I'm considering purchasing a new property which will have roughly 2 acres of land. Fencing has been my biggest problem over the years and I'm running into that problem again looking for more land. 

In the past for enclosures I've used horse wire fencing which they always bust through so that's definitely ruled out from past trial and error. More recently I've used cinder blocks which are ok but come with their own problems. If I stack them 2 high my big boys knock it over. Stacked 3 high it lasts longer but eventually after digging near the borders they come toppling over as well and for 2 acres that is a pricey option anyways. 

Right now I'm leaning towards a heavy gauge chain link fence with wood planks to block their view from seeing through on the bottom about 2 ft. Ideally I'd love to have about a 2-3 ft concrete base with iron rod fencing but that price quote was outrageous. 

What do you guys use for fencing? What has worked and hasn't worked in your experience? Post pics of what has worked for you!


----------



## Yvonne G (May 23, 2016)

Chain link is pretty expensive too. In fact if you plan to fence the whole 2 acres, it WILL be expensive no matter what you use.
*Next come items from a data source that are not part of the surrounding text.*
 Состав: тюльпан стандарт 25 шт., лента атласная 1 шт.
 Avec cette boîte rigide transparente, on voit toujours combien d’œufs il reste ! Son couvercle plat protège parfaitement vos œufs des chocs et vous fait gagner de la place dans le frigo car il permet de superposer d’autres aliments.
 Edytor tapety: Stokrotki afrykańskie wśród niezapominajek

My fence of choice is corral boards. My lumber yard sells them for $10 a board. They're appx. 3/4"x5.5"x16'. If you put the boards on the inside of the posts the tortoise can't push the boards off the posts. My 110.lb sulcata never tries to climb his fence and it is three boards high. 




I used this type of lumber because it was what I had on hand. I'm a wood scavenger/hoarder. So all my tortoise yards have been built with used lumber. That was appx. 20 years ago. The posts are pretty rotten and the boards are starting to pull away from the nails. So I'll be in your shoes soon - needing to re-fence all my tortoise yards.


----------



## Arizona Sulcata (May 23, 2016)

I know chain link is expensive as well but it's a major improvement cost wise over what I really want. I know whatever I choose will be expensive being 2 acres, I have realistic expectations. I have about $10k budgeted for the fencing but would obviously like to figure out something cheaper but have it still work effectively. 
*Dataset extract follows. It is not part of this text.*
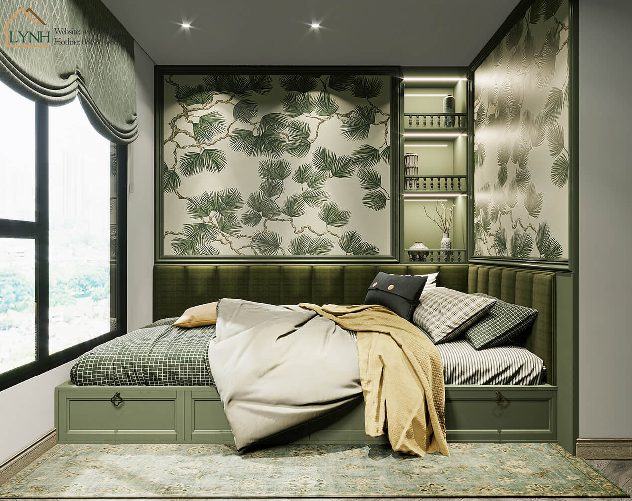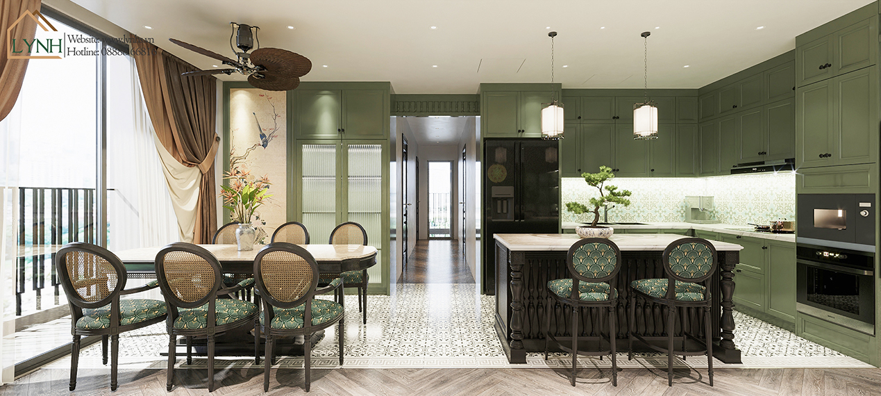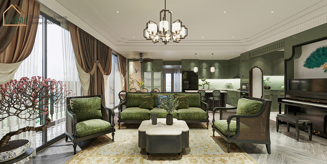 Phần lớn các căn hộ được thiết kế theo phong cách Indochine đều mang gam màu đen hoặc nâu làm chủ đạo. Những gam màu tối này sẽ có thiên hướng phù hợp với những căn nhà rộng, thoáng, nhiều cửa sổ như dạng Villa, Biệt thự, Nhà phố...; còn những căn nhà chung cư bị giới hạn diện tích sẽ rất dễ trở nên bí bách và nặng nề khi dùng gam màu tối này. Do đó, Lynhs đã mang đến một làn gió mới cho phong cách này cho căn hộ chung cư bằng gam màu xanh dịu mắt - đây cũng là gam màu mang đến sự thư giãn, tĩnh lặng cho gia chủ sau những ngày làm việc mệt mỏi bên ngoài.

Awesome! Not a bad idea, it would be easy to replace problem areas with that type of fencing too. Thank you!


----------



## Jacqui (May 23, 2016)

How about using the metal roof panels?


----------



## Gillian M (May 23, 2016)

It's now 10.45 pm here. 

Good night and sweet dreams everyone.


----------



## Arizona Sulcata (May 23, 2016)

Jacqui said:


> How about using the metal roof panels?



I don't know why I haven't thought of that! A bit pricey but very functional and I like the look. I've been search google for pics and I'm really liking what I see. I have a new front runner, THANK YOU!!


----------



## TortoiseWarrior (May 27, 2016)

Good ideas.


----------